Midsummer embraces multiple worlds, mythical celebrities, magical creatures, domineering parents, young lovers, and working-class Athenians attempting to perform a tragic love story. Shakespeare’s most popular and most often performed comedy around the world, this play has something for everyone! Shakespeare & Company strives for heart-rousing, soul-stirring, and crowd-pleasing dramatic experiences. Our 90-minute production is lively and fast-paced with an emphasis on language, pleasure in playing, and the welcoming relationship between the actors and the audience.

Shakespeare & the Language that Shaped a World
O God, I could be bounded in a nut shell and count myself a King of infinite space Were it not that I have bad dreams. – Hamlet

Entertaining and stimulating, this 45-minute presentation offers a whirlwind introduction to Shakespeare, his life and times, and why his plays remain the most read, studied, and performed plays in the world. This piece was created to welcome students into Shakespeare’s works on his own terms, not as literature, but as plays to be played. Six actors perform short scenes from a selection of plays, including: Hamlet, Midsummer, Macbeth, Comedy of Errors, Romeo & Juliet, Much Ado About Nothing, Henry V, The Tempest, and a sonnet or two. The scenes are interlaced with compelling information and, of course, the popular misinformation that delights. Seven Actors, Seven Stools, a couple of Broadswords, and a bit of historical information, this exuberant peek into Shakespeare’s world and Elizabethan life is fun and accessible for audience members with little or no experience with Shakespeare, while offering enough depth and insight to please individuals already familiar with Shakespeare. Written by Kevin G. Coleman, Shakespeare & Company’s Director of Education

A one-day package at your school, university, or venue includes:

  • A 90-minute performance
  • A 15-minute interactive, post-show forum immediately following the performance, which explores the audience’s own insights and observations.
  • The choice of one 45-minute workshop with students; the Workshop in Performance (12-50 students) or Exploring the Actor-Audience Relationship (unlimited size)

The Company also offers custom packages that include access to virtual programming, multi-day residences with additional workshops, and more. Contact us for more information about customizing visits to a school’s needs.

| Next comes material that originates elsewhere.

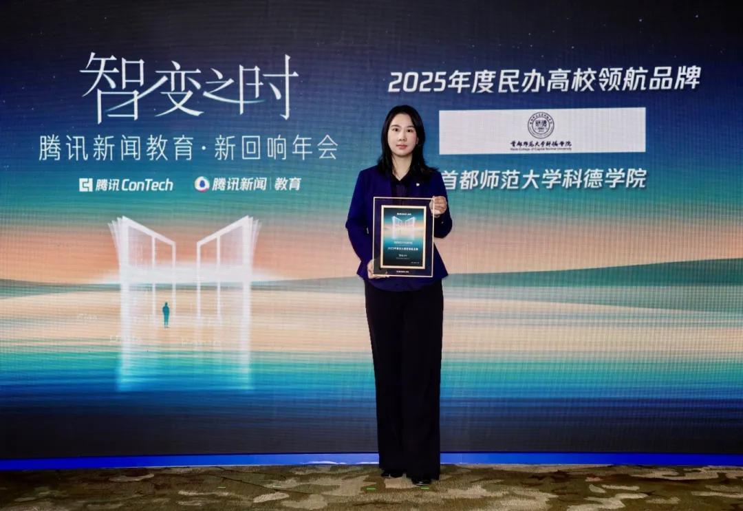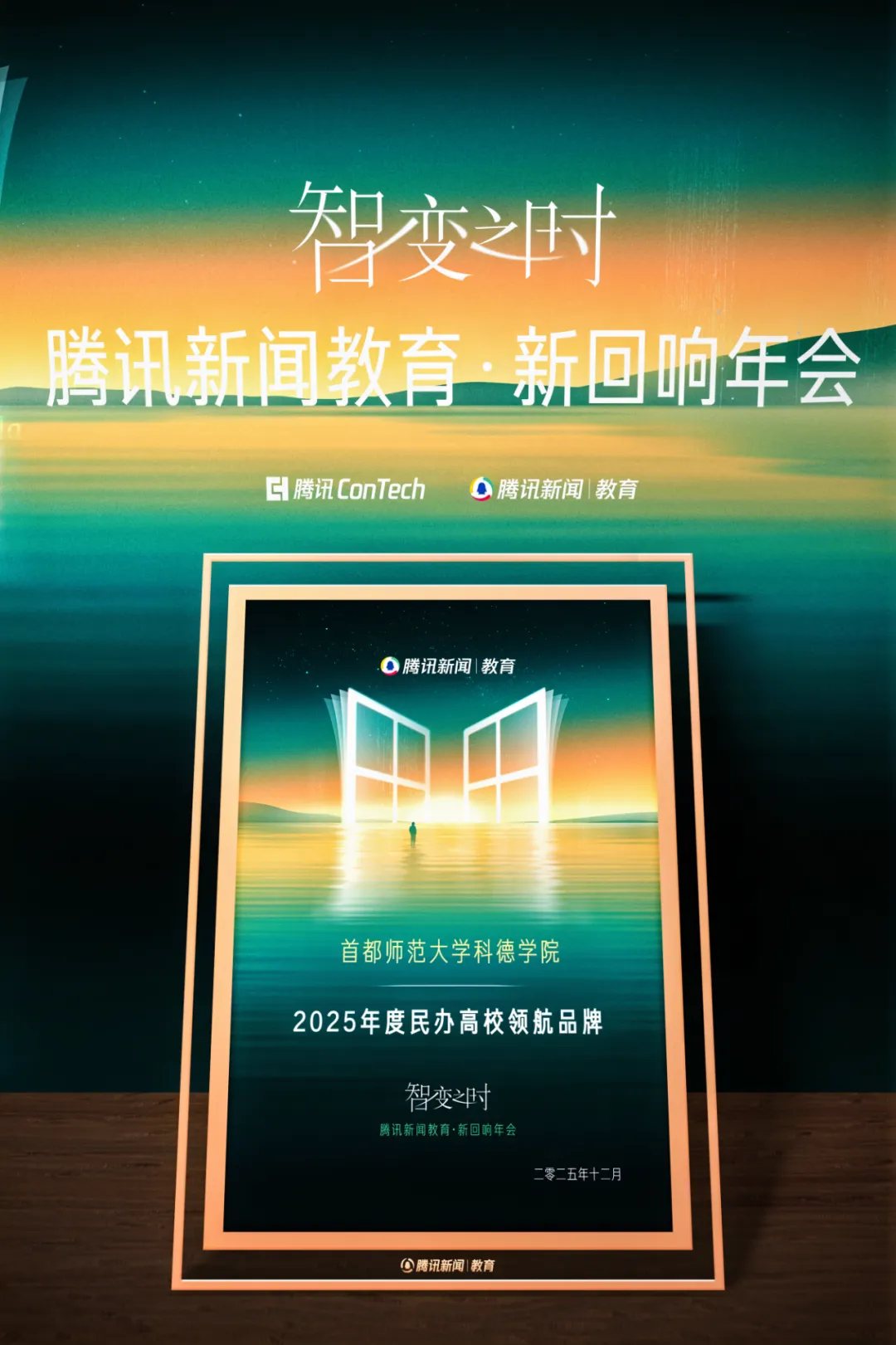 12月5日,2025腾讯新闻教育·新回响年会在北京成功举行。本届论坛以“智变之时”为主题,汇聚教育界专家学者、行业精英、研究机构、教育媒体与投资人等。共探AI浪潮下教育范式转型路径,深挖智能技术重塑教与学的核心潜能,远瞻人机协同对未来人才培养的深远价值,为教育数字化升级谋篇布局、注入动能。首都师范大学科德学院,以创新多元的育人模式为核心,以深厚坚实的师资根基为支撑,以深度融合的国内外优质教育资源为纽带,凭借在应用型创新人才培育与教育行业创新发展中的卓越实践与突出贡献,荣膺“2025年度民办高校领航品牌”荣誉称号。

Example Schedule: One Shakespeare performance, Post-show Forum, and Actor-Audience Workshop

6 am–Actors Arrive

6 am–9 am Load in / Warmup / Lunch / Fight call / Half hour

9 am–10:30 am performance

10:30 am–10:45 am Post-Show Forum

10:55 am–11:40 am Actor-Audience Workshop

11:45 am–12:30 am Lunch Break for Actors

12:45 pm–2 pm Load out

This schedule may be customized to accommodate school and classroom schedules, as every school has different scheduling challenges. The only hard-and-fast rule is that the Education Artists need at least 2.5 hours in the space ahead of a performance.

Workshops & Teaching Materials

As a part of the day, Education Artists will lead students through one or more 45-minute workshops. If you have any questions about these workshops or are interested in customizing the work, contact us.

Workshop in Performance

In this workshop, each student can succeed and discover that Shakespeare is comprehensible, immediately engaging, and can be outrageously fun. The first exercises are with the whole group, but for most of the workshop, students are divided into smaller groups to work on a piece of text from a Shakespeare play which is then performed for classmates. Education Artists work closely with students to unleash an exciting, immediate, and personal experience of Shakespeare’s language. This workshop works best with 30 to 40 students and teachers, but can work with as few as 12 participants with an absolute maximum of 50 participants.

The Workshop Space

For this workshop, a space large enough for the whole group to form a circle, and to accommodate smaller groups as needed. Students are divided into groups for much of the workshop. Normally, the school auditorium is fine, but sometimes the gymnasium or another alternative space is used.

Exploring the Actor/Audience Relationships

This is an entirely interactive workshop in which students can share their observations, reactions, questions, and dialogue with Education Artists. Driven by the students’ curiosity about the show and with a high level of student participation, students volunteer to work on text on stage, try a fight move, or learn an adapted Court Dance.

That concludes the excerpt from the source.